I did it for about a year or so, when I was in IL. I will say this from the
get-go: be prepared to spend a lot of money, for a very slow repayment cycle,
if you're not doing this at scale, and if you're not doing it in a place where
you have enough light to suit your needs. Otherwise you'll find yourself in my
situation, with the $800 green pepper.. which, was delicious, and probably one
of the best I'd had. I just don't want you to think you'll end up saving
money, because you probably wont.

Okay, on to the fun stuff. So, on reddit, you can check out
[https://reddit.com/r/aquaponics](https://reddit.com/r/aquaponics). They had a
decent enough community there. The other big resource that I was familiar with
was
[https://www.theaquaponicsource.com/](https://www.theaquaponicsource.com/).

For my build, it was pretty simple. I got a 55 gallon barrel, cut the top
third off, flipped it over, and filled it with media.

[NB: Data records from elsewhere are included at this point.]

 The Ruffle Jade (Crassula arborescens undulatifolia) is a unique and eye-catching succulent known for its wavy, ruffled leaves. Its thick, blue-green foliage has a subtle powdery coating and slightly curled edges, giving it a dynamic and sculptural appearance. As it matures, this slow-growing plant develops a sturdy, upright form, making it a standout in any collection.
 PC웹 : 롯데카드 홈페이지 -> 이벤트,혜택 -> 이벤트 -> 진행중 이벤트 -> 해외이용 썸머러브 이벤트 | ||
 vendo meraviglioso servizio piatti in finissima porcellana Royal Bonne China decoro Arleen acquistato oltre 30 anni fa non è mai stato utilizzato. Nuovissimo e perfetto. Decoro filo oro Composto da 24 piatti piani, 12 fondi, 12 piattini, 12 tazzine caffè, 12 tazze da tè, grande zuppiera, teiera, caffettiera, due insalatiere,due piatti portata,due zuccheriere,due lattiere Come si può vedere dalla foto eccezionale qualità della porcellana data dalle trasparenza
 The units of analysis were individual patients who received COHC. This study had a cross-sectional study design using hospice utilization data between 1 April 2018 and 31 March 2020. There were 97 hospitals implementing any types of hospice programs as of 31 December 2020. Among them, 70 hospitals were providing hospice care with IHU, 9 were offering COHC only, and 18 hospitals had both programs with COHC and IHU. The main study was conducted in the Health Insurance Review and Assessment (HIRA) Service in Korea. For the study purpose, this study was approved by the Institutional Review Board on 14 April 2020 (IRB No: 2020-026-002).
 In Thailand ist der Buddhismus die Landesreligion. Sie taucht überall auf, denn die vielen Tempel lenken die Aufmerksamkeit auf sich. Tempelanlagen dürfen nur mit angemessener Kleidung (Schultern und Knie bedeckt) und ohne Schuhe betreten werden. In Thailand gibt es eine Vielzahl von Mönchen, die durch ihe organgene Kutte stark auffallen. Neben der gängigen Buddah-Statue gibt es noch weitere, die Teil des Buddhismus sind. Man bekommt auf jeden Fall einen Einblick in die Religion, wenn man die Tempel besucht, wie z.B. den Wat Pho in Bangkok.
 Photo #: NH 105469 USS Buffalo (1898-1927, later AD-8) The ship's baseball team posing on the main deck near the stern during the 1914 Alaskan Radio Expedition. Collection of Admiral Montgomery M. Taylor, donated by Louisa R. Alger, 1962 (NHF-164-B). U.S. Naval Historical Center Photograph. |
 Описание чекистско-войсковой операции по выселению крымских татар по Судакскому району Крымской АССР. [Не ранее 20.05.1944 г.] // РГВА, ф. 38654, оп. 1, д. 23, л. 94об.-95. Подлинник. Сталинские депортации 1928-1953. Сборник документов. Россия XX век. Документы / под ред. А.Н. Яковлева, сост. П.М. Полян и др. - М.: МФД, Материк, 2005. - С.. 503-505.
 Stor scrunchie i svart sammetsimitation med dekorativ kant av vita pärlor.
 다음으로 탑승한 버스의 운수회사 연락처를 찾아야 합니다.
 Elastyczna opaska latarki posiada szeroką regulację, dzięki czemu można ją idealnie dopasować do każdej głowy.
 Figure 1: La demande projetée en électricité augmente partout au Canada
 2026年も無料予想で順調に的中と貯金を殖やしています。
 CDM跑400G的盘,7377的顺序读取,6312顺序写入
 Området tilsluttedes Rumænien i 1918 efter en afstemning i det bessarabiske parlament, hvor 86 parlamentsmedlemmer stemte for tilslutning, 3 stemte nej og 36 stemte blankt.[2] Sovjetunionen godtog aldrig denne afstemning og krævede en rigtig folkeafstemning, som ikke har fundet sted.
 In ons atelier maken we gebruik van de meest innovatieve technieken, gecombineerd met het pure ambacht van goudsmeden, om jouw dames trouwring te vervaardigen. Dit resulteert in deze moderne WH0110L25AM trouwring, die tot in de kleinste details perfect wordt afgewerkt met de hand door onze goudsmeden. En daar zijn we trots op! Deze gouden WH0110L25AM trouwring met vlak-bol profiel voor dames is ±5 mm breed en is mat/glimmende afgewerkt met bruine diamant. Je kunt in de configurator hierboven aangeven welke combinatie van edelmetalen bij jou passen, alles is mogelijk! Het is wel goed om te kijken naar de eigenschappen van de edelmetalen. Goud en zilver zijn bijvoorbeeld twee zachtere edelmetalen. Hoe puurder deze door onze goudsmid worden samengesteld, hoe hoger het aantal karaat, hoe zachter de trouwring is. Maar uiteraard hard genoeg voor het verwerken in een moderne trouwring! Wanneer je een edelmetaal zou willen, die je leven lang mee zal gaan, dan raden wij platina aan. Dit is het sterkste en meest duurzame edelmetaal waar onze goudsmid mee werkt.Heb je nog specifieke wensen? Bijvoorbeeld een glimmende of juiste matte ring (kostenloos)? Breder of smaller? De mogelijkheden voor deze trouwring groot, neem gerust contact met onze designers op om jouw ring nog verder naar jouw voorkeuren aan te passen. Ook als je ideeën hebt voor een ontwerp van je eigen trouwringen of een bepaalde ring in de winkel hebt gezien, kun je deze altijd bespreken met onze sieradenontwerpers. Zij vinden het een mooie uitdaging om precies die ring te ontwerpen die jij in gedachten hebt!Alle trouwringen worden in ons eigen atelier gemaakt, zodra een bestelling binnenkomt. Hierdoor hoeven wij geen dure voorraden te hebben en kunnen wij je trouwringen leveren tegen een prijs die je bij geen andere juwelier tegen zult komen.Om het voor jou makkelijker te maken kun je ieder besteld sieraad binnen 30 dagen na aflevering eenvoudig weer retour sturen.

Then I added my bell
siphon, pump, and whatnot, and I was good to go.

The whole setup, for me, was pretty cheap initially. I was in a 5b zone, right
outside Chicago. So I had to keep everything indoors, and I had to make sure
that it had proper lighting.

It was similar to this:
[https://www.youtube.com/watch?v=I5BWutAygqM](https://www.youtube.com/watch?v=I5BWutAygqM)

Feel free to reach out if you have questions.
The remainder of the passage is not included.